![PyPI Now Supports iOS and Android Wheels for Mobile Python Development](https://cdn.sanity.io/images/cgdhsj6q/production/96416c872705517a6a65ad9646ce3e7caef623a0-1024x1024.webp?w=400&fit=max&auto=format)
Security News
PyPI Now Supports iOS and Android Wheels for Mobile Python Development
PyPI now supports iOS and Android wheels, making it easier for Python developers to distribute mobile packages.
elasticsearch-helper
Advanced tools
A Nodejs module facilitating querying Elasticsearch clusters.
After experiencing a lot of issues due to the way Elasticsearch handles the queries, I decided to create this helper currently used on production level that had helped us to drastically improve the readability and flexibility of our code.
With this helper you will be able to query your elasticsearch clusters very easily. Everything is chainable and the query always returns a promise.

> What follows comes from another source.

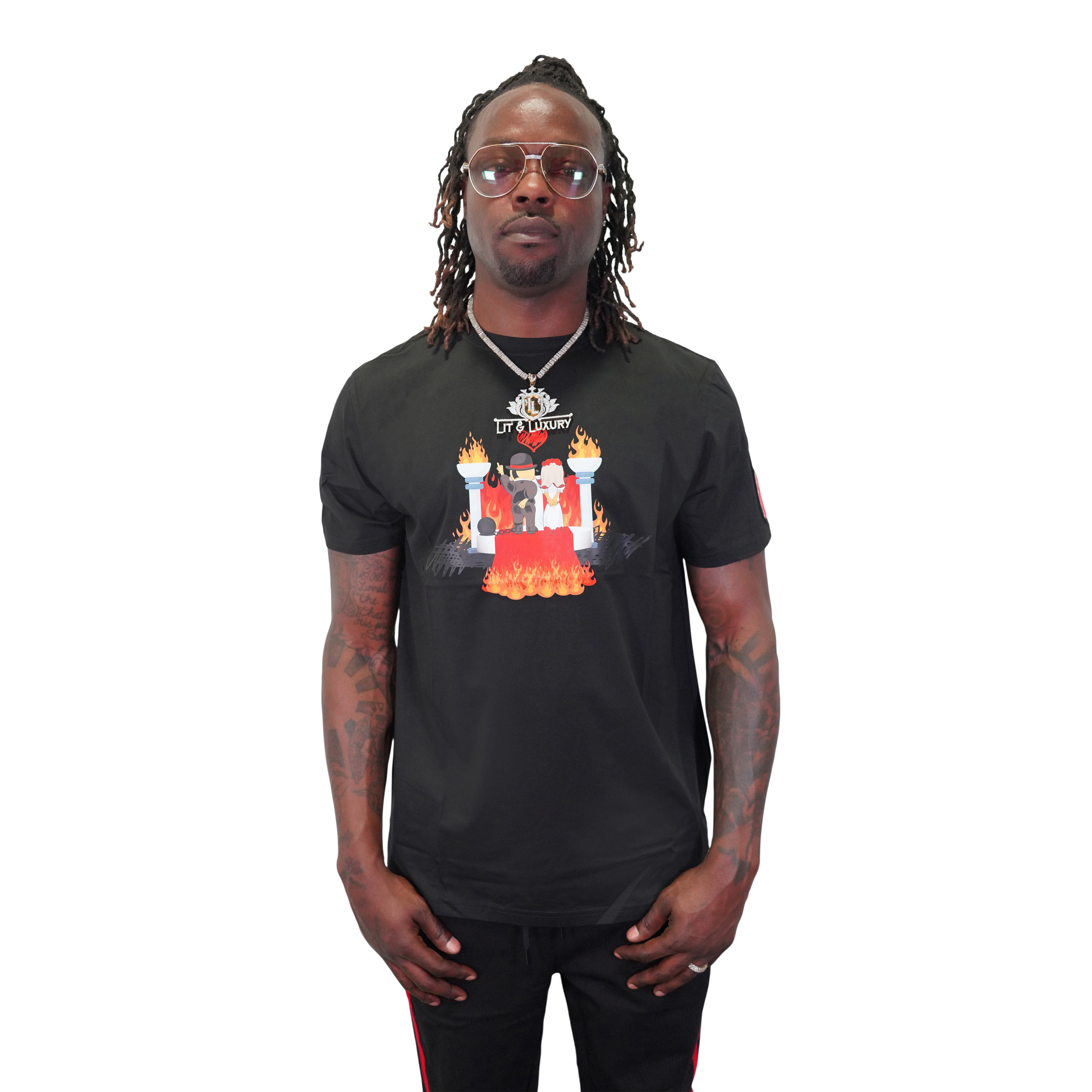 This tee captures the essence of a sacred union. Featuring a husband and wife exchanging vows against a backdrop of flames, it's a visual representation of the fiery passion that accompanies the journey of love and commitment.

NOTE: Even if we use this on production level, we still find bugs and add improvements to the module codebase. Feel free to fork it and modify it for your own needs.
npm install --save elasticsearch-helper
const ES = require("elasticsearch-helper")
// Will create a default client
ES.addClient("127.0.0.1:9200");
// Will create a client with name "client1"
ES.addClient("client1","127.0.0.1:9200");
// Will create a client with name "client1" and will be used as default
ES.addClient("client1","127.0.0.1:9200",true);
// Alias:
ES.AddClient(...)
The client is chainable which means that you can call functions one after the other until you execute the query. The query is then returning a promise.
Initialise a query:
// Querying on index "Index1"
ES.query("Index1");
// Querying on all indexes starting with "Index"
ES.query("Index*");
// Querying on index "Index1" and type "Type1"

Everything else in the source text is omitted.